Tutorial
Build a smarter real-time AI agent with Redis Iris
May 18, 202644 minute read
TL;DR: AI agents forget everything when a conversation ends, and can't query structured data without custom code. Redis Iris solves both. Redis Context Retriever turns your entity data into auto-generated MCP tools any agent can discover and call. Redis Agent Memory gives agents persistent session memory and cross-session long-term memory backed by vector search. Together they make Redis a full context engine for AI applications.

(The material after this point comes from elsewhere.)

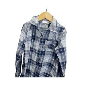 The Childrens Place Girls S 5/6 Button Up Plaid Shirt Pink Blue Long Sleeve
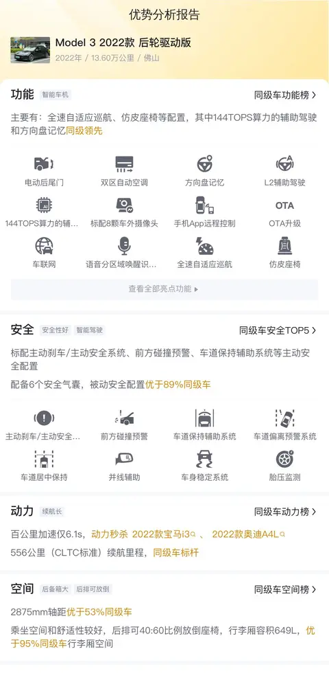 全球首富马斯克一直致力于打造一款“平民跑车”,让普通人也能享受到科技带来的出行乐趣。而Model 3(图片|配置|询价)正是这一理念的完美呈现。它不仅继承了特斯拉一贯的环保理念,还融入了众多前沿科技,让驾驶变得更加智能、安全。Model 3 2022款 后轮驱动版在保持高品质的同时,还不断刷新着自己的性能和智能水平。今天,我们就为您带来一辆二手Model 3 2022款 后轮驱动版,让您亲身感受这份科技魅力。

Note: This tutorial uses the code from the following git repository:https://github.com/redis-developer/redis-agent-memory-explorer
When a wealth advisor meets with a client every month, they're expected to remember what was discussed last quarter, the client's risk tolerance, their family situation, and every commitment made across a dozen previous meetings. Without a memory system, every LLM-powered assistant starts blank. The context window fills up fast, the session ends, and everything is forgotten.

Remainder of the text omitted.